Exercise goal
Copy out the lines beginning at the one with "Obr. 1 – zahrádkářská" and ending at the last line of the data, both included; pictures stay out.

Data
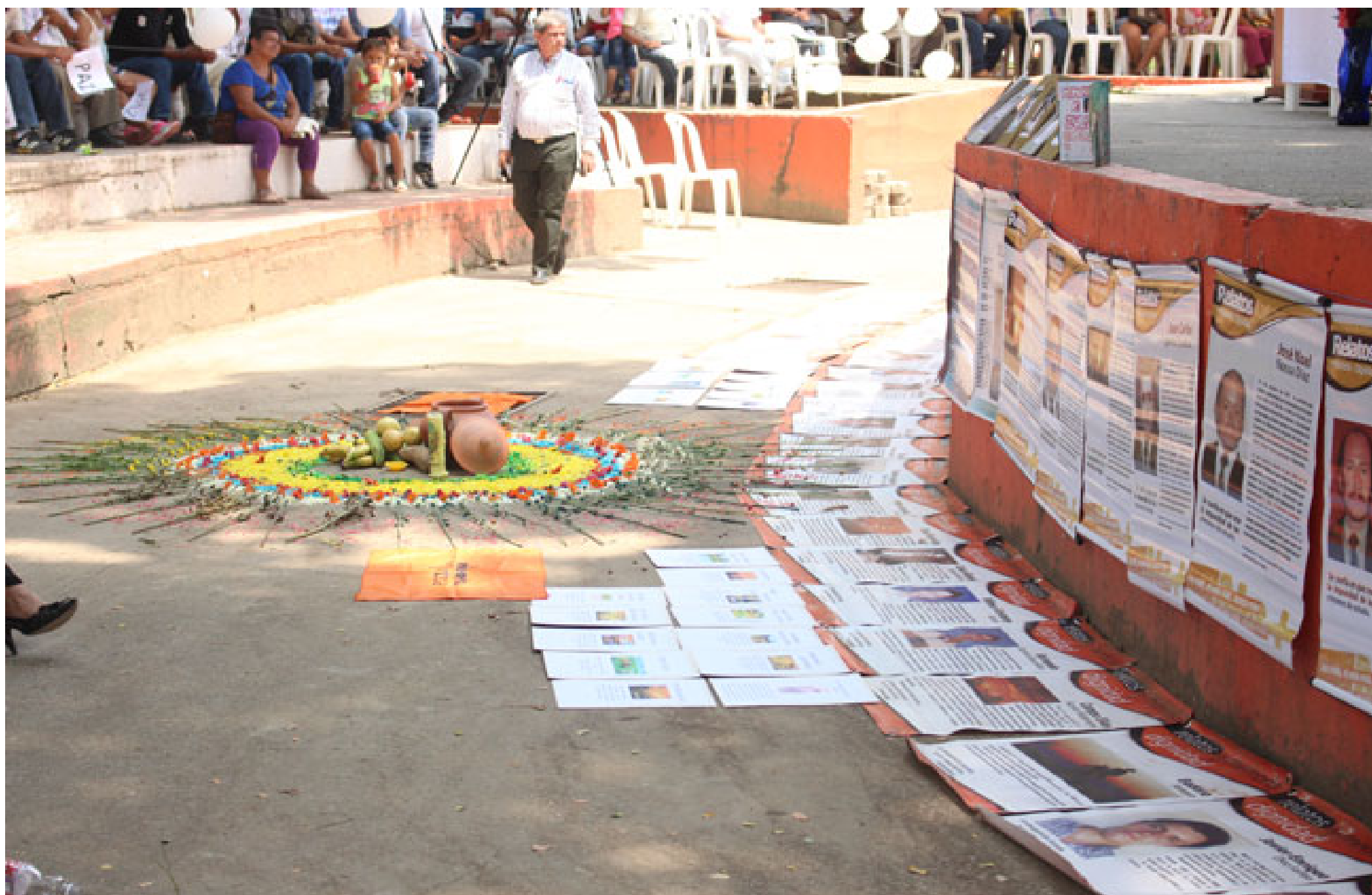
→ Luis Manjarrés para el CNMH (CNMH, 2015)

La Declaración Universal de los Derechos Humanos, en su artículo 30 establece que “todo individuo tiene derecho a la vida, a la libertad y a la seguridad de su persona” (CC SU-111 de 2020). De tal suerte que “el Estado tiene el deber de identificar, valorar y definir la situación de seguridad de las personas que se encuentran sometidas a riesgos o amenazas. Además, debe adoptar las medidas idóneas para mitigarlas y evaluar su eficacia y necesidad de manera periódica” (CC SU-111 de 2020).
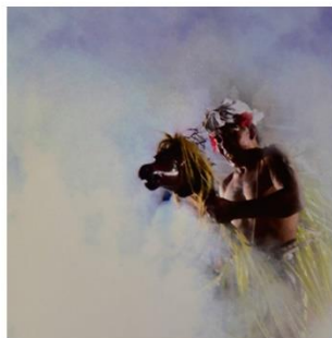
Putu Angga Pratama Warsana Trance Foto Di Atas Syntetic 70 x 70 cm 2016
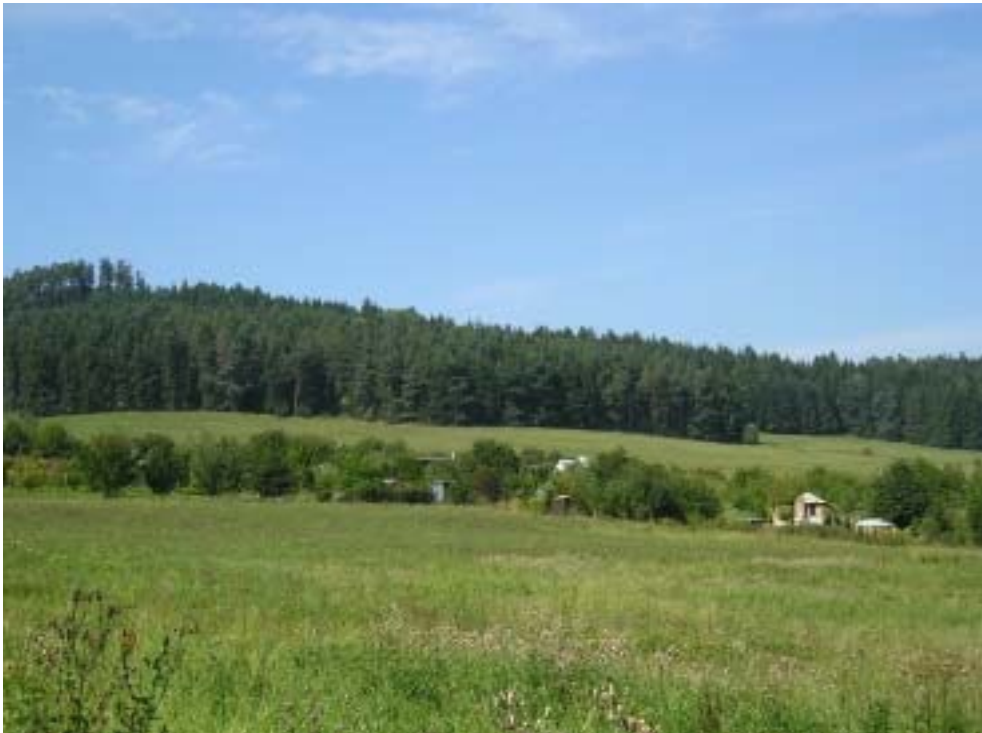
Obr. 1 – zahrádkářská kolonie zasazená do luční krajiny
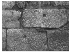
Sur les murs de ce bâtiment de la période médiévale
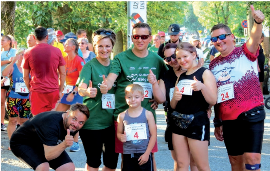
Nie tylko szachy łączą pokolenia.
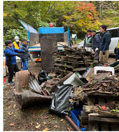
回収された廃棄物

Result for this task
Obr. 1 – zahrádkářská kolonie zasazená do luční krajiny
Sur les murs de ce bâtiment de la période médiévale
Nie tylko szachy łączą pokolenia.
回収された廃棄物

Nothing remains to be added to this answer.